North Korean authorities have ramped up efforts to stamp out South Korean popular culture — also known as Hallyu
— which has been spreading through mobile phones. While the mobile phones themselves are legal, younger people
have been using Bluetooth or SD memory cards to disseminate Hallyu content, deemed illegal according to North Korean penal code.

“Young people who have mobile phones use
Bluetooth to receive music files, but recently the crackdown
on this has become more severe,” a source in North Hamkyung Province told Daily
NK on Sunday. “They usually covertly listen to [illicit foreign] music with their earphones on
the street, but now officials will abruptly approach them and go through their
belongings to find their mobile phones.”  
 

The authorities are concerned not only with
music from just below the border, but also TV dramas and movies from the
South trickling in through the porous border with China. “As a result, the
trend of passing on such dramas via mobile phones has seen a severe decline,”
she explained.
 

Young North Koreans have
been quick to incorporate their mobile phones as devices to share dramas and
movies from below the 38th parallel in addition to the longer, more established practice of utilizing flash drives for the job. Bluetooth and SD memory
cards are paramount for easy, swift swapping and storage of this media content among the younger generation.

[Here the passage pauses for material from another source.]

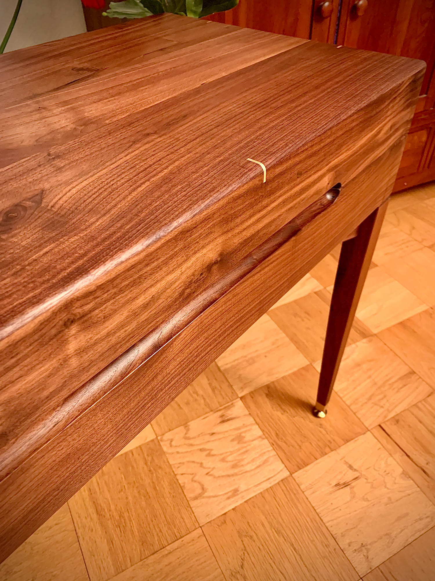 The casework features waterfall joints supported by brass inserts.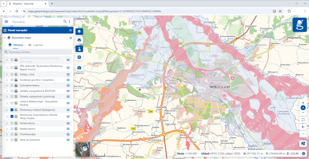 W serwisie www.geoportal.gov.pl udostępniliśmy nową kompozycję mapową „Zarządzanie kryzysowe”. Została ona stworzona na bazie naszego najnowszego, zoptymalizowanego silnika mapowego, zapewniając prostą i intuicyjną nawigację po mapach oraz zasobach Geoportalu.

“They used to pass on music via the Bluetooth
function, while transferring movies and TV series was generally reserved for USBs;
this has become exponentially harder in the face of sudden searches by security
officials to either confiscate people’s phones or search through the content
stored on them,” she said, adding that inspection teams are particularly
focused on rooting out thumb drives packed with South Korean programming
content circulating at the markets.
 

As a result, many young people are
refraining from watching content from the South for the time being to avoid the potential repercussions. As previously reported, spotting vendors
secretly hawking South Korean clothes at the markets has become a far less
common sight as of late.
 

However, in the midst of such severe
monitoring, children of Party cadres enjoy relative freedom, watching South
Korean television programs and films at their leisure, according to the source.  
 

“People with no power face harsh
punishments if they get caught, but these same rules do not apply to Party
cadres,” she asserted. “They are punished sometimes to set an example for
others, but that’s limited to rare occasions, so Party cadres’ kids are growing increasingly bold.”
 

Predicated on the past, the source reported that most speculate such
stringent monitoring will fizzle out again in the near future, finding hope in
the belief that they will be back to enjoying an array of South Korean media content again soon.